Source data:
•••
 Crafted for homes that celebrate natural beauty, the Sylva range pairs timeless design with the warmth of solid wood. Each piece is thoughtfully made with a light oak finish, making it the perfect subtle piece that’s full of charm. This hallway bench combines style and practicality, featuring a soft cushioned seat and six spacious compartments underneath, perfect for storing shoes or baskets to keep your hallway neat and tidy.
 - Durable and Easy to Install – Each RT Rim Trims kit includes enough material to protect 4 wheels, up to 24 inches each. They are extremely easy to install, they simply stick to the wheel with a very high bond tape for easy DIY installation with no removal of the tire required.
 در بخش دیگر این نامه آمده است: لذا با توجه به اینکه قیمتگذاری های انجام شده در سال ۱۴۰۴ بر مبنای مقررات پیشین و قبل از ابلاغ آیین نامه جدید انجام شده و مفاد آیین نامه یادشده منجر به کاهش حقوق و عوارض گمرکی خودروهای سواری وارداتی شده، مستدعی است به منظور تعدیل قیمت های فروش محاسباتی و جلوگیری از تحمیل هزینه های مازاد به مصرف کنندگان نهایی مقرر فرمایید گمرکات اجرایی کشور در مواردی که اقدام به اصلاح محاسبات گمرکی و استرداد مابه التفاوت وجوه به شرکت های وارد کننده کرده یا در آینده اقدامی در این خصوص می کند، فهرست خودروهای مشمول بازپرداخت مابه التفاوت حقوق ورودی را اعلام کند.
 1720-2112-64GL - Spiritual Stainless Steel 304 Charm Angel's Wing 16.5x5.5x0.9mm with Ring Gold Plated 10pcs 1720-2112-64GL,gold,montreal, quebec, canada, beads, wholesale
•••
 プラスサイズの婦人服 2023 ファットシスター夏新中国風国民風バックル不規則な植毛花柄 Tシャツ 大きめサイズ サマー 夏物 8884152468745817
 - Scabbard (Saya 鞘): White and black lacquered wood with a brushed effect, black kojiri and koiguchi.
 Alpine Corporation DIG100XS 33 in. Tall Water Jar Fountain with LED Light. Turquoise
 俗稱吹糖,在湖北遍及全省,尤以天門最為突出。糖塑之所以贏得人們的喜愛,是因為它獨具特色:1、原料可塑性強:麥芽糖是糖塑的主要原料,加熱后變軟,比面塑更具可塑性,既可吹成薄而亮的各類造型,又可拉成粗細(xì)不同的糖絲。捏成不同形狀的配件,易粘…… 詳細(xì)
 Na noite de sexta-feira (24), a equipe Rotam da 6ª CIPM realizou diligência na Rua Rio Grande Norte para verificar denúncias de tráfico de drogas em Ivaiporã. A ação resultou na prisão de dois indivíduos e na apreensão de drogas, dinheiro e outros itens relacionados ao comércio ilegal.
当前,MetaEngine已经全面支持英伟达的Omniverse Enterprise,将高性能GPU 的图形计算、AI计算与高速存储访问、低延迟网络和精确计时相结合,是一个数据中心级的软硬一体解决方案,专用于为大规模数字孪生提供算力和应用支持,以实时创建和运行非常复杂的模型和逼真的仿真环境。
•••
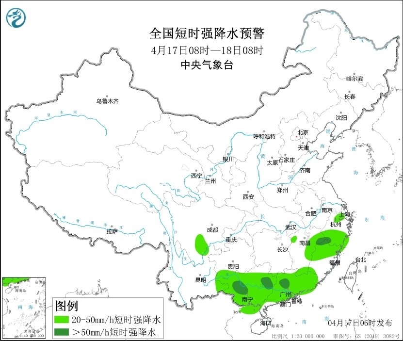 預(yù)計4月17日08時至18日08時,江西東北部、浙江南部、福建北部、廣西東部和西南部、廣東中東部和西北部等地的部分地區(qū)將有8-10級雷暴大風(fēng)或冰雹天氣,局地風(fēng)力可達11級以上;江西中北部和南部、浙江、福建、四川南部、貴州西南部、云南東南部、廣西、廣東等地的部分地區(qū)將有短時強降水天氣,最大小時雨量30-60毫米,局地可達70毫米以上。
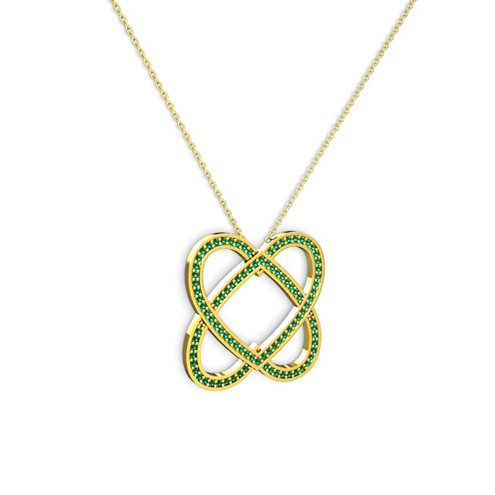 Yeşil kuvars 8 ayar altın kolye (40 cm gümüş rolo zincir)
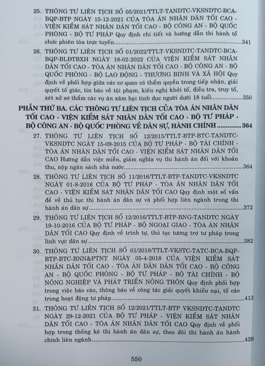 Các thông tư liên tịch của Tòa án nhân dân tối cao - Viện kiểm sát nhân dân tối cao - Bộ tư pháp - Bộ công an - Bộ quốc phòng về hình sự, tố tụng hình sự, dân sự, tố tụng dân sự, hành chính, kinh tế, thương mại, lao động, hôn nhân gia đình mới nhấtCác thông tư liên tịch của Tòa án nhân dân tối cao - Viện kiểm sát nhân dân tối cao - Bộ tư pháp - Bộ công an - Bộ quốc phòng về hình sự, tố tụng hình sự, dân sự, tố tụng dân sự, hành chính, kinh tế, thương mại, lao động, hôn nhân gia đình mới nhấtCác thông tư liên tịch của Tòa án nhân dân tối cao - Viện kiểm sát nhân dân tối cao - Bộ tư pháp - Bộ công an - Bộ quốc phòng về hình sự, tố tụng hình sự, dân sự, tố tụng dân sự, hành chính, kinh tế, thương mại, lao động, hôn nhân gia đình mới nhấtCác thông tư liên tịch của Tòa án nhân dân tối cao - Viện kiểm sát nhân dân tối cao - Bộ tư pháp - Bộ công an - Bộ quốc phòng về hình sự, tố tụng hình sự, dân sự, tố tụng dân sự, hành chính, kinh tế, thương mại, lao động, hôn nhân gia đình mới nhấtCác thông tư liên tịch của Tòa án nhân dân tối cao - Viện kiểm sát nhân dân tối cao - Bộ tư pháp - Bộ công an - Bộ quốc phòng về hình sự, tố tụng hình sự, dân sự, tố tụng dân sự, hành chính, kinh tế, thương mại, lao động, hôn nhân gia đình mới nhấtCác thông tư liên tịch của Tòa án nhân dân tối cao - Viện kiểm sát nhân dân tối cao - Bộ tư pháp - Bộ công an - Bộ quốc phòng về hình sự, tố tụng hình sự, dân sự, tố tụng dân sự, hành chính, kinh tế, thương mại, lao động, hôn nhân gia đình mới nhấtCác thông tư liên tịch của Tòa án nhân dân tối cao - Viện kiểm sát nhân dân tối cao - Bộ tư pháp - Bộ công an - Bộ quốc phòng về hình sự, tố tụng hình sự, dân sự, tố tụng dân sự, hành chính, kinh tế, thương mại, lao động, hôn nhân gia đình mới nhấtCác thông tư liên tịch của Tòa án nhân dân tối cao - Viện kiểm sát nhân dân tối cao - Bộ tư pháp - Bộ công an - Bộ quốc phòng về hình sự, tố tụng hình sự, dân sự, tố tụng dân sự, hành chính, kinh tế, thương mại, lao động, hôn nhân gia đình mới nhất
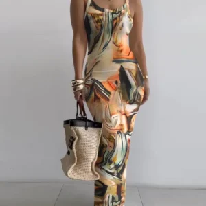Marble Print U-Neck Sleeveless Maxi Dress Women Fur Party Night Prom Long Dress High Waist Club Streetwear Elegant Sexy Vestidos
•••
Problem statement:
Give again exactly, and only, the lines above starting at the one with "در بخش دیگر" and ending at the one with "1720-2112-64GL - Spiritual".

Answer for the task:
 در بخش دیگر این نامه آمده است: لذا با توجه به اینکه قیمتگذاری های انجام شده در سال ۱۴۰۴ بر مبنای مقررات پیشین و قبل از ابلاغ آیین نامه جدید انجام شده و مفاد آیین نامه یادشده منجر به کاهش حقوق و عوارض گمرکی خودروهای سواری وارداتی شده، مستدعی است به منظور تعدیل قیمت های فروش محاسباتی و جلوگیری از تحمیل هزینه های مازاد به مصرف کنندگان نهایی مقرر فرمایید گمرکات اجرایی کشور در مواردی که اقدام به اصلاح محاسبات گمرکی و استرداد مابه التفاوت وجوه به شرکت های وارد کننده کرده یا در آینده اقدامی در این خصوص می کند، فهرست خودروهای مشمول بازپرداخت مابه التفاوت حقوق ورودی را اعلام کند.
 1720-2112-64GL - Spiritual Stainless Steel 304 Charm Angel's Wing 16.5x5.5x0.9mm with Ring Gold Plated 10pcs 1720-2112-64GL,gold,montreal, quebec, canada, beads, wholesale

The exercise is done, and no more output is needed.